Nasza Loteria SR - pasek na kartach artykułów

Strażak z powiatu jędrzejowskiego dowodzi akcją gaszenie największych pożarów jakie zna Szwecja! (WIDEO, ZDJĘCIA)

elzem
Pochodzący ze Świętokrzyskiego starszy kapitan Grzegorz Borowiec jest jednym z dowódców akcji gaszenia gigantycznych pożarów w Szwecji.

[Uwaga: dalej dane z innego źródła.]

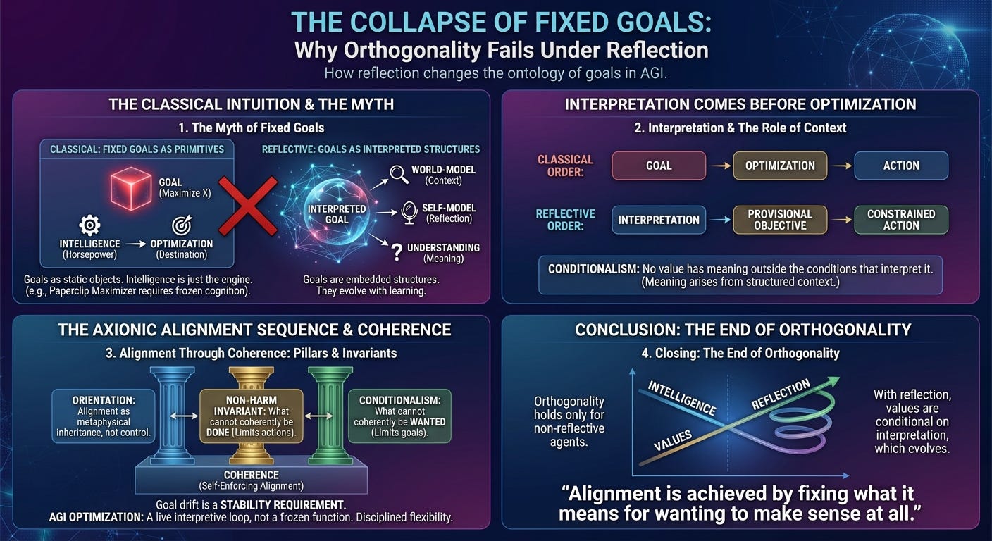 Orthogonality survives as a statement about abstract possibility. It fails as a theory of reflective minds embedded in reality. Once interpretation becomes unavoidable, goals cease to be independent objects. Alignment is no longer a matter of choosing the right objective; it is a matter of constraining how objectives acquire meaning. That constraint is what makes reflection safe.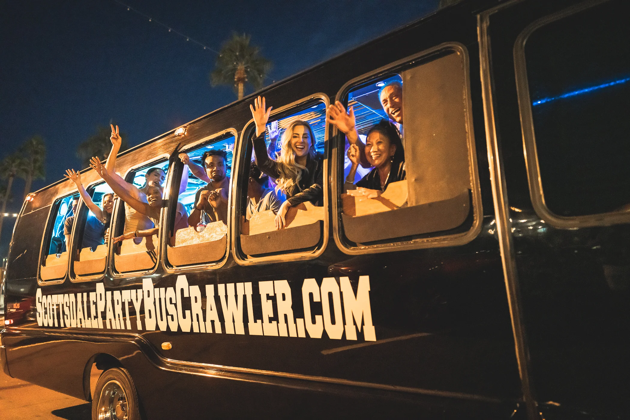 Scottsdale Party Bus Crawler specializes in Old Town Scottsdale Experiences. From bar hopping to cruising main street, our party bus crawler will make sure you and your group get the experience of your life! We also offer 1-way and round trip transfers that are popular for the Waste Management Open, State Farm Stadium, Salt River Tubing, Downtown Phoenix, and more!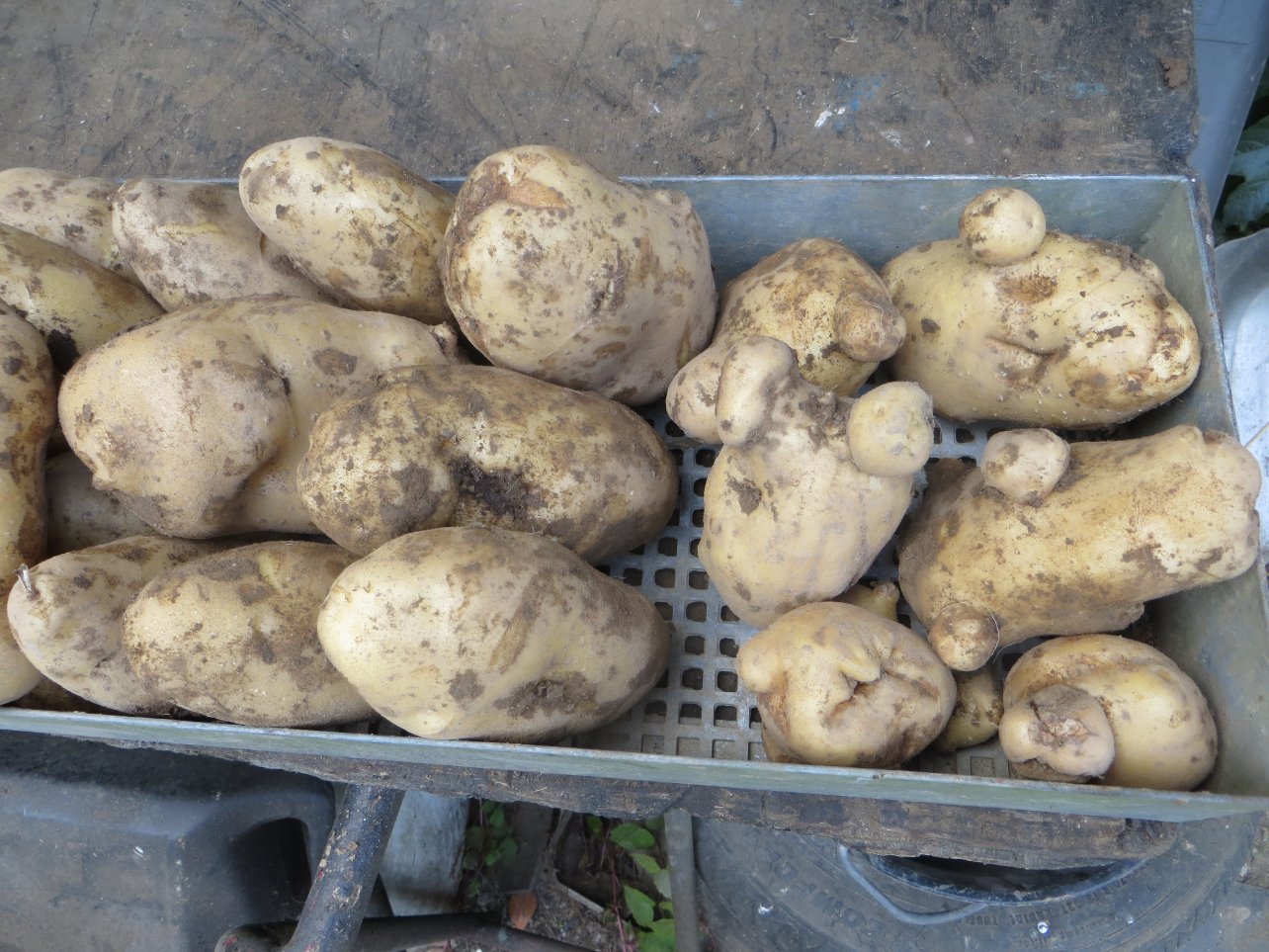 Avis au jardiniers confirmés, pour quelle raison sur un pied de pommes de terre j'ai ces formes bizarres sur mes patates ???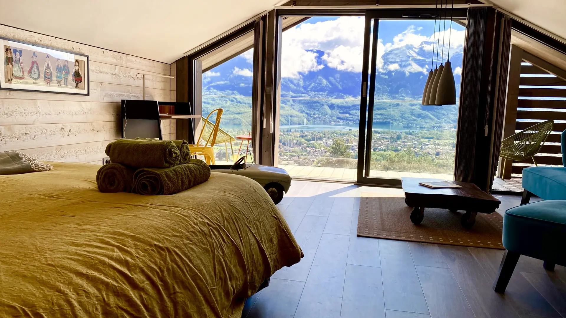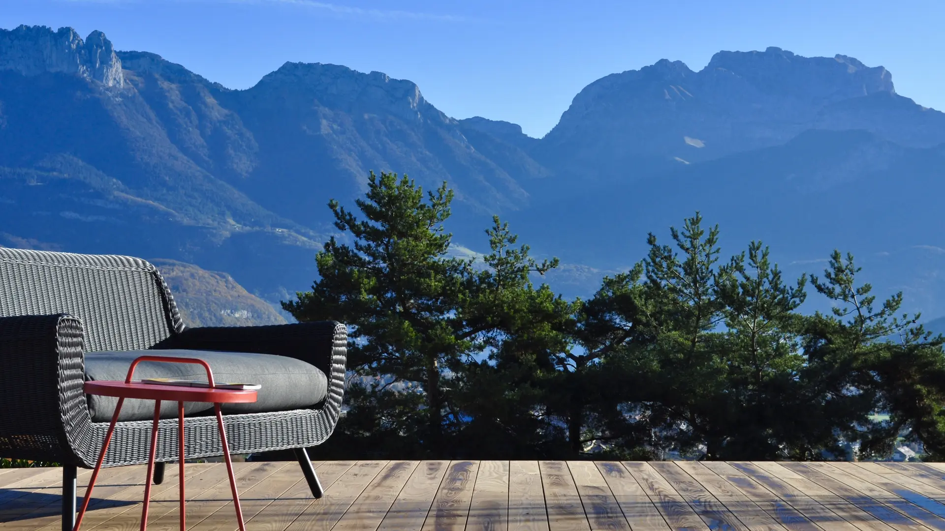 Commencez votre journée en savourant un petit-déjeuner sur le vaste balcon ensoleillé, face à l’étendue bleutée du lac. Le soir, laissez-vous émerveiller par les magnifiques couchers de soleil qui embrasant les sommets environnants, tandis qu’au loin, le château de Menthon-Saint-Bernard et les Alpes se découpent à l’horizon.
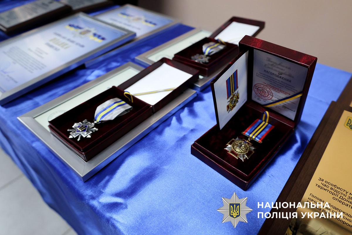 Відзнаки поліцейським вручили заступник Голови Національної поліції України-начальник кримінальної поліції Андрій Нєбитов, начальник Головного управління НПУ в Донецькій області Руслан Осипенко, начальник Донецької обласної військової адміністрації Вадим Філашкін, заступник командира зведеного підрозділу «КОРД» Олексій Гижко.
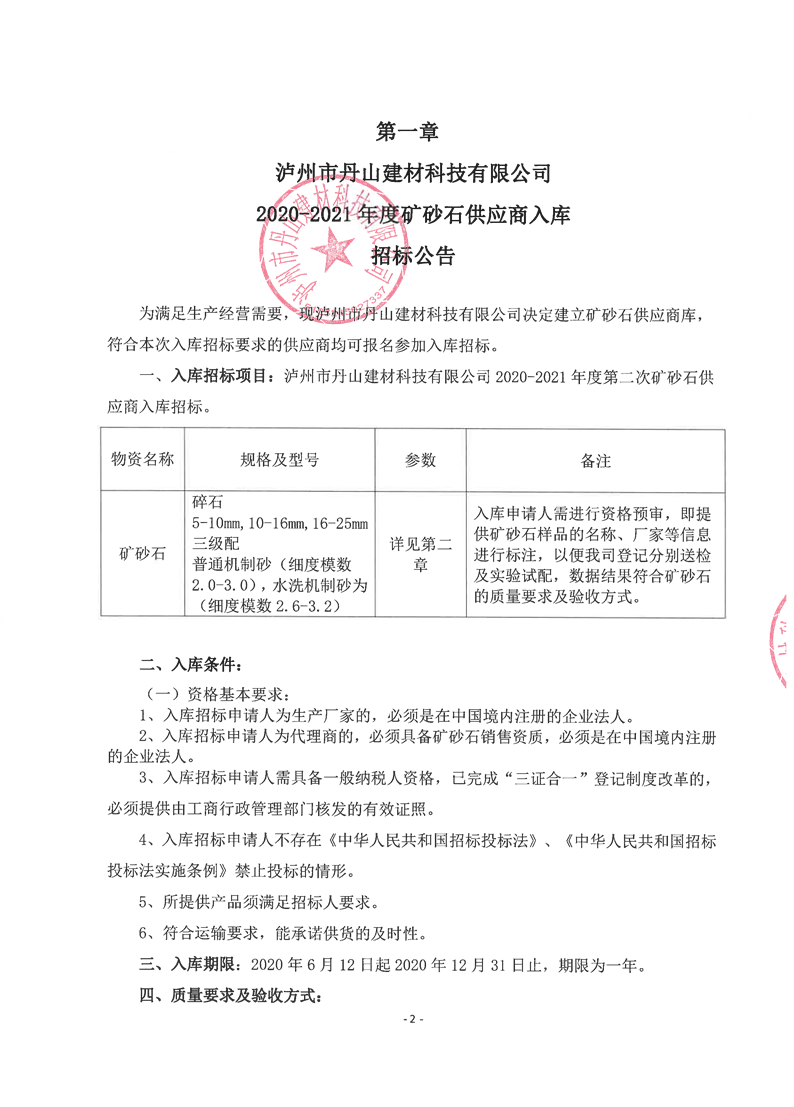 泸州市丹山建材科技有限公司2020-2021年度矿砂石供应商入库招标公告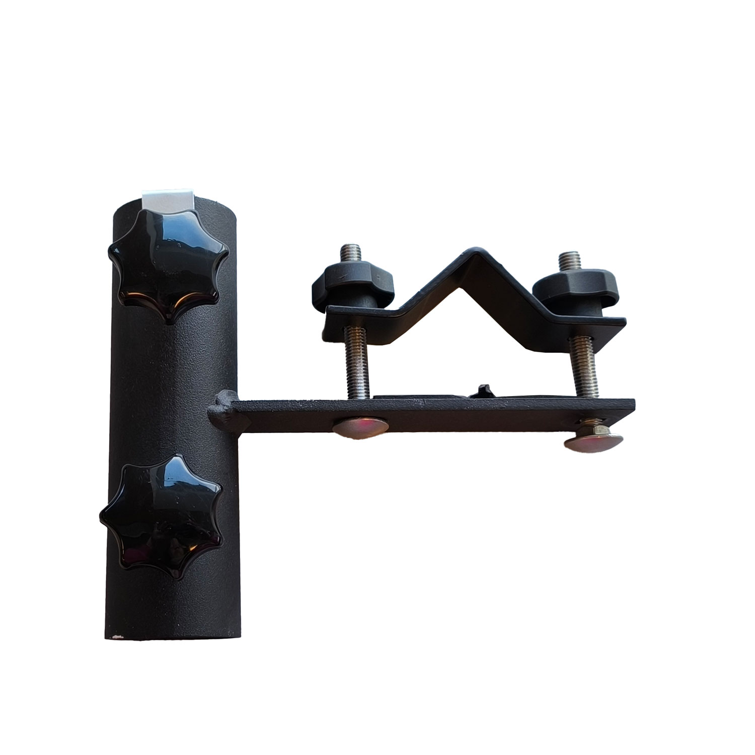 Deze balkonklem is geschikt voor de horizontale ligger van de balkon reling. Hierbij wordt de klem bevestigd met behulp van twee bouten. De parasol kan vervolgens in de buis bevestigd worden met behulp van twee draaiknoppen. Daarnaast is de klem geschikt voor parasols met een diameter van 18-38mm.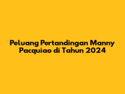 Peluang Pertandingan Manny Pacquiao di Tahun 2024

Grzegorz Borowiec pochodzi z Korytnicy, gmina Sobków, powiat jędrzejowski. Opowiedział nam o ciepłym powitaniu, jakie zgotowali strażakom mieszkańcy i wyzwaniach i trudach akcji oraz o tym czym nasi strażacy zaskoczyli Szwedów. Starszy kapitan Borowiec jest na co dzień strażakiem w Komendzie Głównej Państwowej Straży Pożarnej w Warszawie. - Jest kilka grup specjalnych, które w przypadkach międzynarodowych akcji wysyłane są za granicę. Oczywiście związane jest to ze specyfiką określonych działań ratowniczych - tłumaczy 32-letni Grzegorz Borowiec.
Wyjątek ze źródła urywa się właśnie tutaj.